Cutting Edge EquipmentOur lab (lab 3229 in UF Malachowsky Hall) is equipped with leading security inspection instruments and experts with analysis capabilities including but not limited to (i) Security bugs emulation. For timely security closure, we have the Synopsys ZEBU emulation platform. It consists of reconfigurable devices which can accommodate the logic of the most recent processors such as Apple CPUs or Nvidia GPUs. As such, the security verification can be confirmed on real silicon while being accelerated by orders of magnitude. (ii) Medical device security. The security of medical devices greatly impacts the life safety of patients. We investigate the potential effects of physical disturbance (e.g., EM emissions from smartphones) on critical devices such as heart pacemakers. (iii) Side-channel security. Side-channel attacks can non-invasively deduce security assets from the physical properties (e.g., power, electromagnetic) of a running IC. Our lab has the pre-silicon and post-silicon platforms to prototype arbitrary cryptographic implementations for both power and EM side-channel vulnerability quantification. Specifically, our lab is equipped with quite a few ChipWhisperer instances (CW305, CW Pro, etc.) and Langer EM probing instruments (e.g., RF-K 7-4 H-field probes) for power and EM side-channel security verification, respectively.(iv) Fault injection security. Fault injection attacks can effectively compromise data and system integrity during run-time. For the security assessment of such attacks, we have a Riscue laser station to enable most fine-grained bit-flips on target devices. (v) Testing and probing for security verification.

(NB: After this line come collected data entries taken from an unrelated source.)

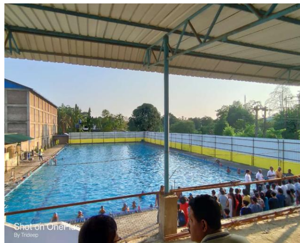
Inter-district Swimming Competition organized at Swimming Pool, Moran College.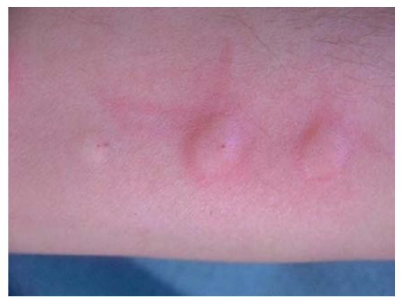
Figure 2. The typical skin reaction in a positive Casoni

members, there were only a few doctors (mainly who looked after him in his short hospital stay). Only a few had been aware of his return home after so many years of absence.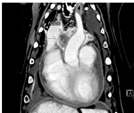
Figure 4. CT coronal scan-chemodectoma with invasion of the cava vein.

\mu g/dl). Recurrence of the pericardial effusion was absent in all the dogs. All the removed portions of the pericardium were measured in their full extension. The mean surface area of the resected pericardial membrane was of 28.50 cm 2 (15 to 48 cm 2 ). All the removed portions of pericardium were histologically examined. In all the subjects the histological diagnosis was of lymphoplasmacellular pericarditis with low/medium grade fibrosis. The mean age of disease presentation was 9.93 years (range 4 to 15), with the majority of subjects 8-13 years old. The mean weight of the patients was 21.5 kg (range 7 to 45 kg) with the majority of subjects weighing more than 15 kg. The average survival time of subjects with suspected haemangiosarcoma was 6.5 months (range 1-14 months) while that of subjects with suspected chemodectoma was 2 years and 8 months (range 5 months-4 years). In three of the nine cases with hemangiosarcoma the death is certainly due to sudden rupture of the mass with acute bleeding (post mortem necropsy).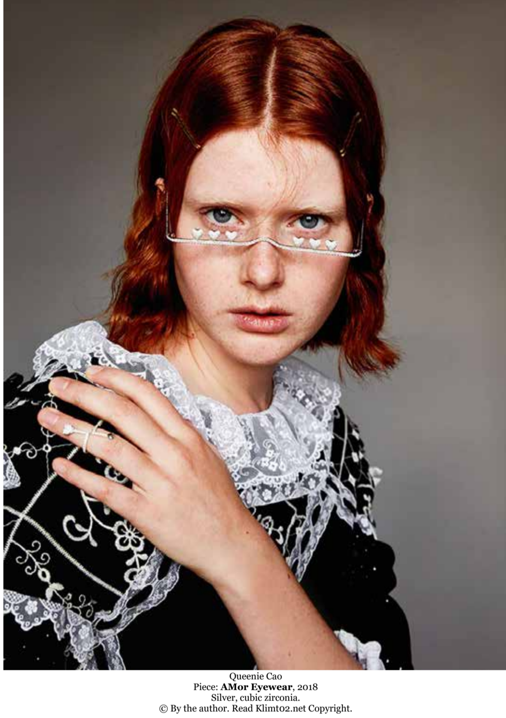
Queenie Cao Piece: AMor Eyewear , 2018 Silver, cubic zirconia.

© By the author. Read Klimt02.net Copyright.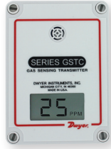
Wall mount with LCD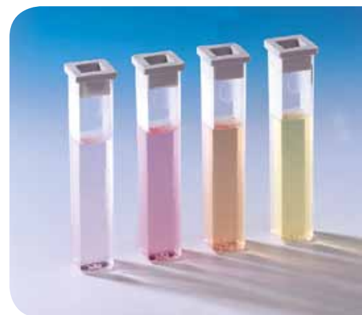
Plastic cells, volume 10 ml

Material Safety Data Sheets: www.lovibond.com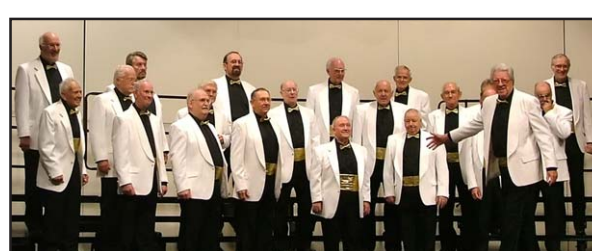
Beaver Valley - King Beaver Chorus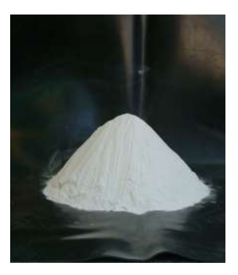
Product-High Purity Silica Flour

On-going product improvement investigations are aimed at further expanding the size of the current resource. The current resource could support a project life well in excess of 10 years at an annual production rate in the range of 25,000-50,000 tonnes of saleable, high purity silica flour for export primarily into the TFT-LCD industry. The production of other display glass substrates, and for a wide range of applications in specialist niches of technical, scientific, optical and other high quality glass. The operation would also generate a co-product of about 10,000-20,000 tonnes per annum of low-iron silica sand.

The SiLDA Lab also has the capability to identify security vulnerabilities from post-silicon (commercial-off-the-shelf) devices through testing and probing instruments. Feeding directed test vectors or directly inspecting the internals of suspected ICs using our techniques minimizes the possibility of vulnerabilities to escape.

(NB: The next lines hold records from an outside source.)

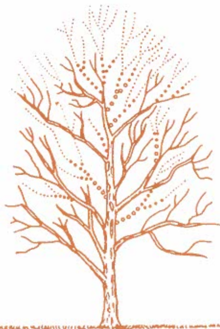
When required because of obstructions, a tree’s height should be reduced using thinning cuts.

Thanks to the and the National Arbor Day Foundation for information and illustrations used in this fact sheet.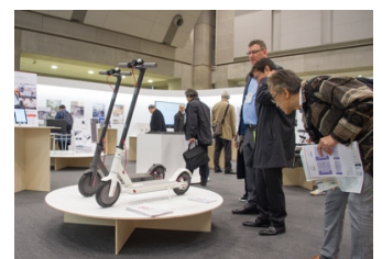
NIKKEI MESSE trade show

The announcement of award winners will be followed by a variety of promotional events, including the GOOD DESIGN EXHIBITION (held at Tokyo Midtown), the GOOD DESIGN AWARD ceremony, and the publication of a GOOD DESIGN yearbook in March of the following year. Award recipients will also be exhibited at trade shows and sales plans, while the Japan Institute of Design Promotion will work with winners to implement various programs at locations including the GOOD DESIGN Marunouchi showroom, and GOOD DESIGN STORES, which serve as our bases of marketing and communications in several locations around the world.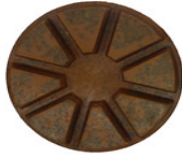
Diamond Floor Polishing Pads With Metal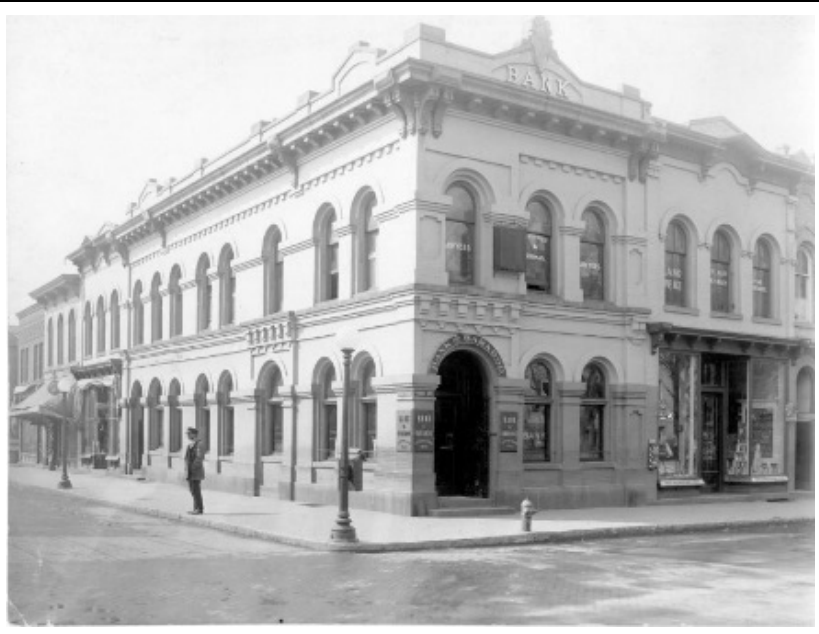
Sauk County Bank looking southwest, circa 1900.

Downtown Baraboo Historic District Baraboo, Sauk County, WI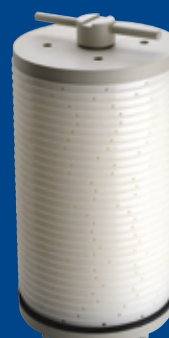
Disc filter assembly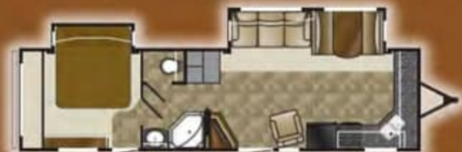
SD TT 3200FK

Length: 35' 6" Height: 11' 5" Dry: 8,495 Hitch: 1,185 GVWR: 11,345 Tanks: 47 F 40 G 40 B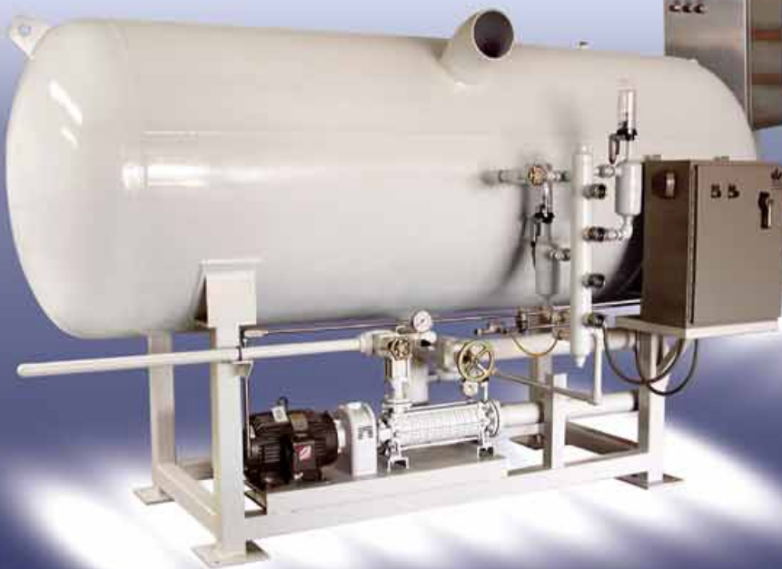
Plate & Frame Chillers Totally integrated and prewired for all controls, easy to service, handles a variety of fluids for chilling process.

DSI Process Systems has expanded products and services to include refrigeration. We now manufacture plate & frame chillers, suction accumulators, skidded systems, and other related equipment.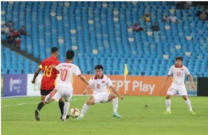
Timor Leste vs Vietnam 3-5

Timor-Leste reached the semi-finals for the first time in the U-23 age category, setting the stage for a highly anticipated clash against Vietnam. The match was closely contested, with both teams displaying defensive resilience and attacking intent. After a goalless draw in regular time, the match went to a penalty shootout. Despite a valiant effort, Timor-Leste fell short, with Vietnam winning 5-3 in the shootout.

Open House SiDA Lab: Doctoral student, Dipayan Saha, discusses Synopsis ZeBu Emulation Platform with a curious visitor. Nov. 2023

Farahmandi receives $600k grant for fault-injection research

ECE Assistant Professor Farimah Farahmandi has received funding from the Office of Naval Research (ONR) in support of her 3-year project, “FAME: Fault-Injection Assessment and Mitigation of Microelectronics at Pre-silicon.” The $600k grant supports work which aims to counter fault-injection attacks by discovering the most vulnerable locations in order to develop more efficient solutions for bolstering physical protection.

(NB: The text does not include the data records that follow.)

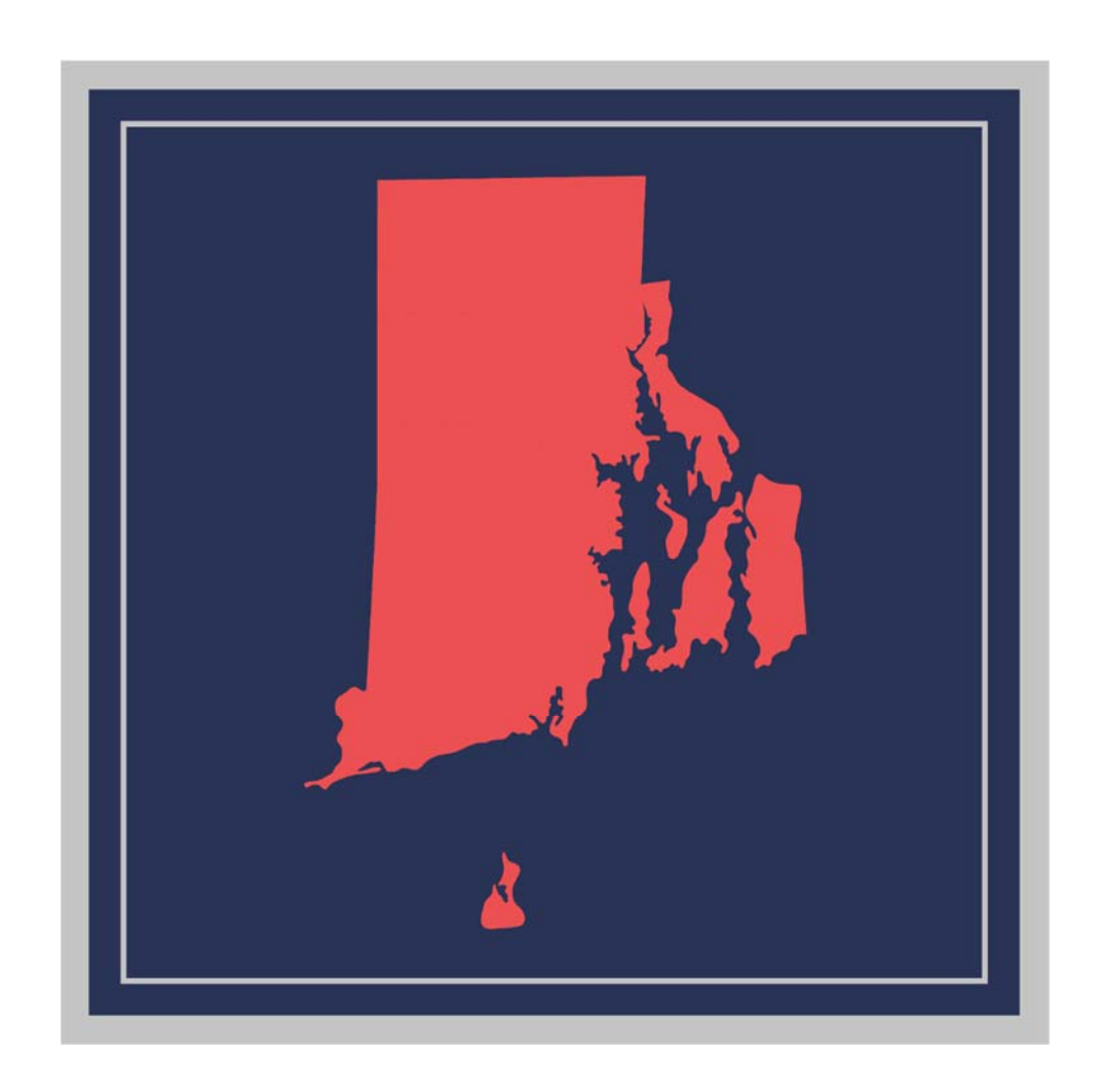
Volume I – General Government and Quasi-Public Agencies Gina M. Raimondo, Governor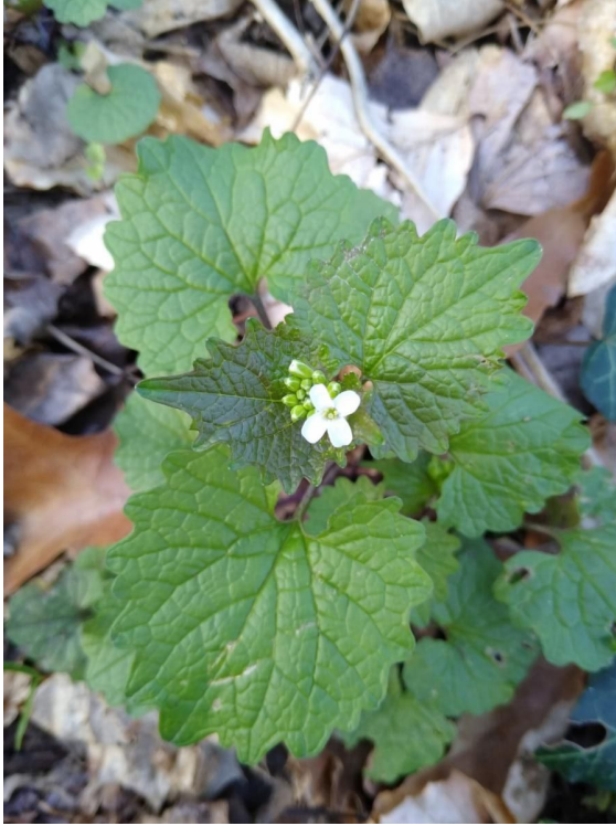
Garlic mustard is a main target of invasives work in April.

pandemic. Montgomery Parks urges users of its parks to practice "social distancing" and apply good judgement.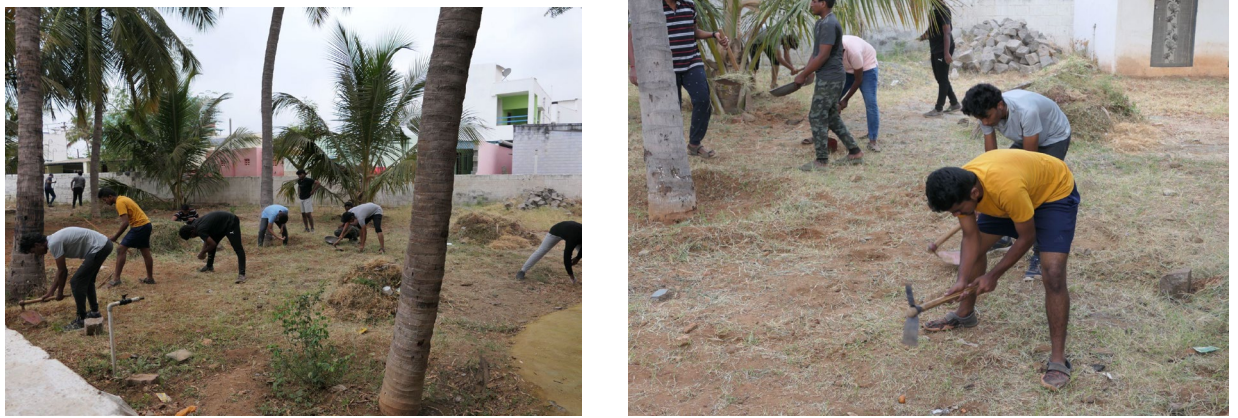
Field work on the premises of the temple

During the morning field session, the Students started cleaning the temple premises in Kurumbapalayam.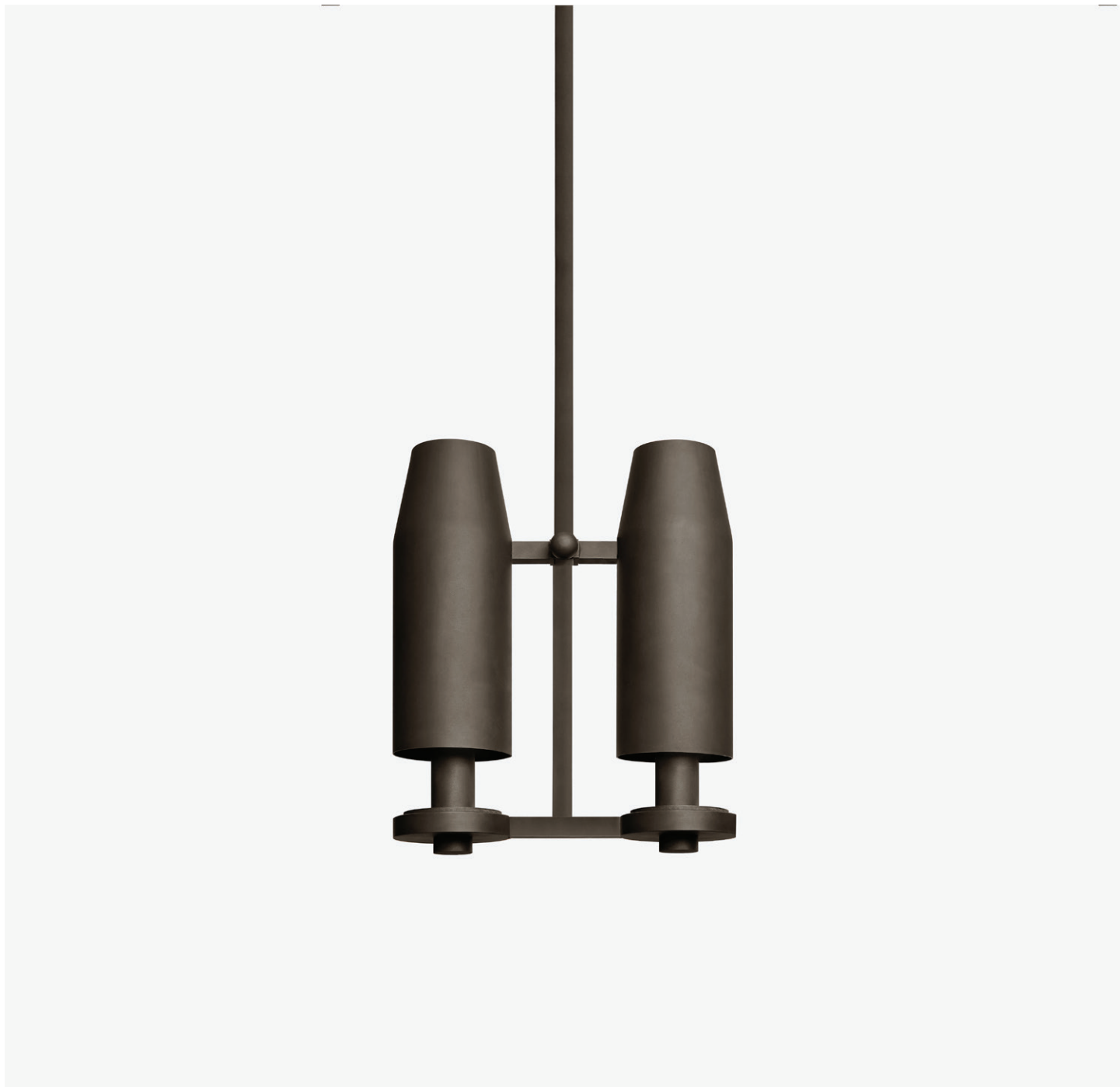
CHAMBER PENDANT II hand finished bronze

With the emergence of the Internet of Things (IoT) and edge computing that promises new and exciting applications from the military, naval, mobile, financial, transportation, and household sectors, security and privacy have emerged as major design challenges. The computing and sensing components in an IoT system, cryptographic hardware in embedded systems, reconfigurable Field Programmable Gate Arrays (FPGA) embedded systems, artificial intelligence (AI) accelerators, digital signal processors (DSPs), and microprocessors are all highly vulnerable to diverse forms of physical and non-physical attacks. These attacks appear in different forms (e.g., information leakage, side-channel leakage, fault injection, physical attacks, rowhammer) and can effectively bypass the security mechanisms built in a design, thus putting systems at risk. Among them, fault-injection attacks have become a major concern to the computer security community primarily due to their powerful capability in tampering with critical features in a device and ability to extract secrets, irrespective of the mathematical strength and robustness of the implemented security mechanisms.

In this project, we try to detect the most vulnerable locations in a design to fault attack and place emphasis on protecting these vulnerable locations so that the countermeasure would be more efficient, and the overhead would be greatly reduced. The end goal of this project is to enable the production of hardware more resilient to various methods of fault-injection at a much more feasible cost.